Scilla — Macro of single bell flower
Macro of single bell flower
spring

Scilla

siberica (Siberian Squill)

Seasonspring
ScentNone — scilla is all about colour, not scent
Vase life7-14 days
Colour

Tiny nodding bells in electric blue that self-seed into spreading carpets under deciduous trees. Plant fifty bulbs and in three years you'll have something that looks like it's been there forever.

— ROSIE

Rosie's Take

There's a blue that only exists in early spring — a vivid, electric, almost unnatural blue that appears at ground level in March and makes you wonder if someone's dropped something. Scilla siberica is that blue. Small, nodding, bell-shaped flowers, no more than four inches tall, in a colour so intense it seems to vibrate against the bare brown earth. It's the blue equivalent of a shout.

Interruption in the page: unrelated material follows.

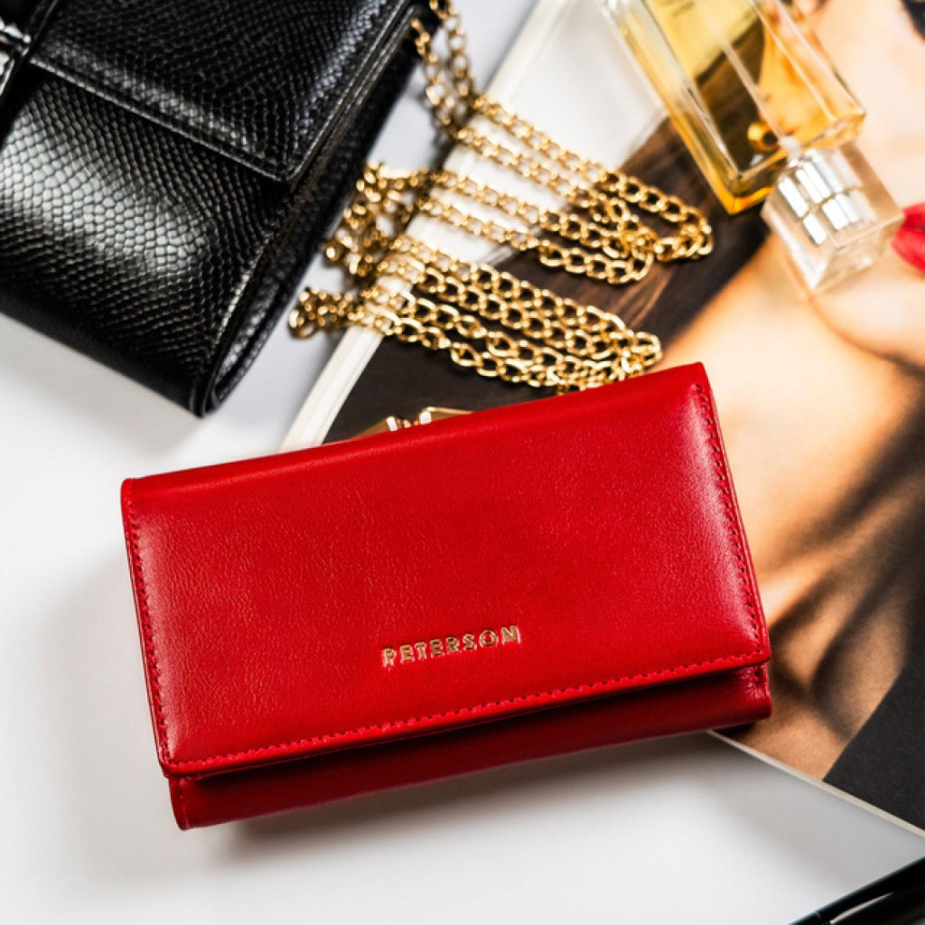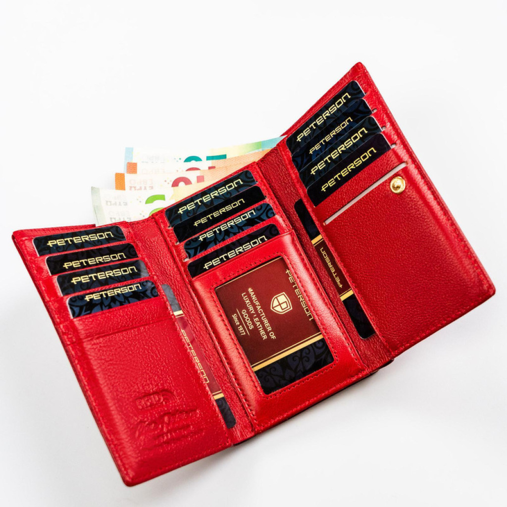 Dámska peňaženka z hovädzej kože Peterson PTN 55020-SGNv červenej farbe je elegantný, moderný a kvalitný doplnok, ktorý je v každom detaile prispôsobený potrebám žien. Prémiová hovädzia koža je na dotyk mäkká a odolná a červená farba je skutočne ženská a výrazná. Zlaté doplnkyešte viac umocňujú pocit luxusu, vďaka čomu je peňaženka nielen praktická, ale aj veľkolepý módny doplnok.
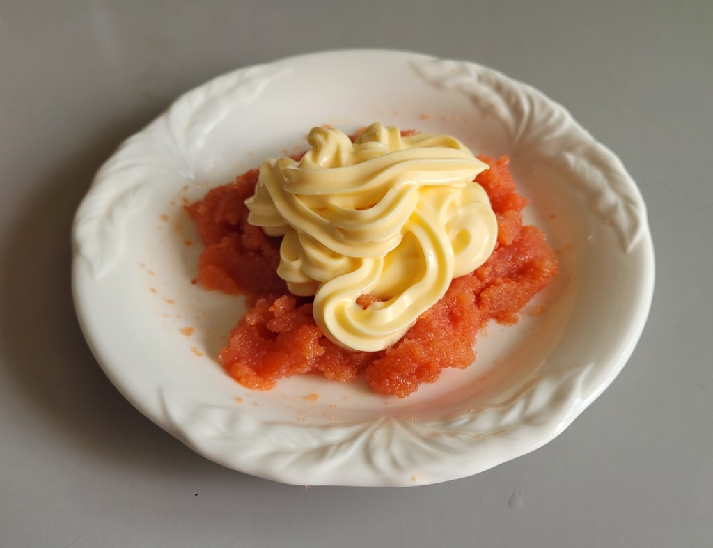 The key ingredient for the sauce is to add the desired quantity of Mayonnaise into the Mentaiko.

Each bulb produces just a handful of flowers on short, fleshy stems, with narrow, strap-shaped leaves that emerge at the same time. Individually, they're tiny — easy to miss, easy to step on. But scilla's genius is in numbers. Plant fifty bulbs under a deciduous tree and within three or four years you'll have a carpet of that impossible blue spreading across the ground. They self-seed with quiet determination, each year a little wider, a little denser, until you've got something that looks like a puddle of fallen sky.

The timing is perfect. They flower after the snowdrops but before the daffodils, filling a gap in the spring calendar that would otherwise be empty. By the time the tree canopy unfurls and blocks the light, scilla has already set seed and retreated underground. The whole performance — emerge, flower, seed, vanish — takes about four weeks. It's the botanical equivalent of a perfectly timed cameo.

I plant mine under a silver birch where they've spread into a drift that stops visitors in their tracks every March. I don't feed them, don't water them, don't do anything except leave them alone. They're the cheapest, easiest, most reliable way I know to make a piece of garden look like it's been there for generations.

From the folklore cabinet

Despite the name 'siberica,' this scilla's range extends far beyond Siberia — it grows wild across Russia, Turkey, and the Caucasus. It was one of the earliest spring bulbs to be cultivated in European gardens, arriving in the late eighteenth century. In its native habitats, it carpets forests and meadows in such numbers that entire hillsides turn blue. The genus name 'Scilla' comes from the Greek word for 'to harm' — several related species are toxic, containing cardiac glycosides. The Victorians loved scilla for underplanting in their woodland gardens, and many of those original plantings survive today, still spreading, still that same startling blue. A plant that outlasts the gardener who planted it. I find that rather comforting.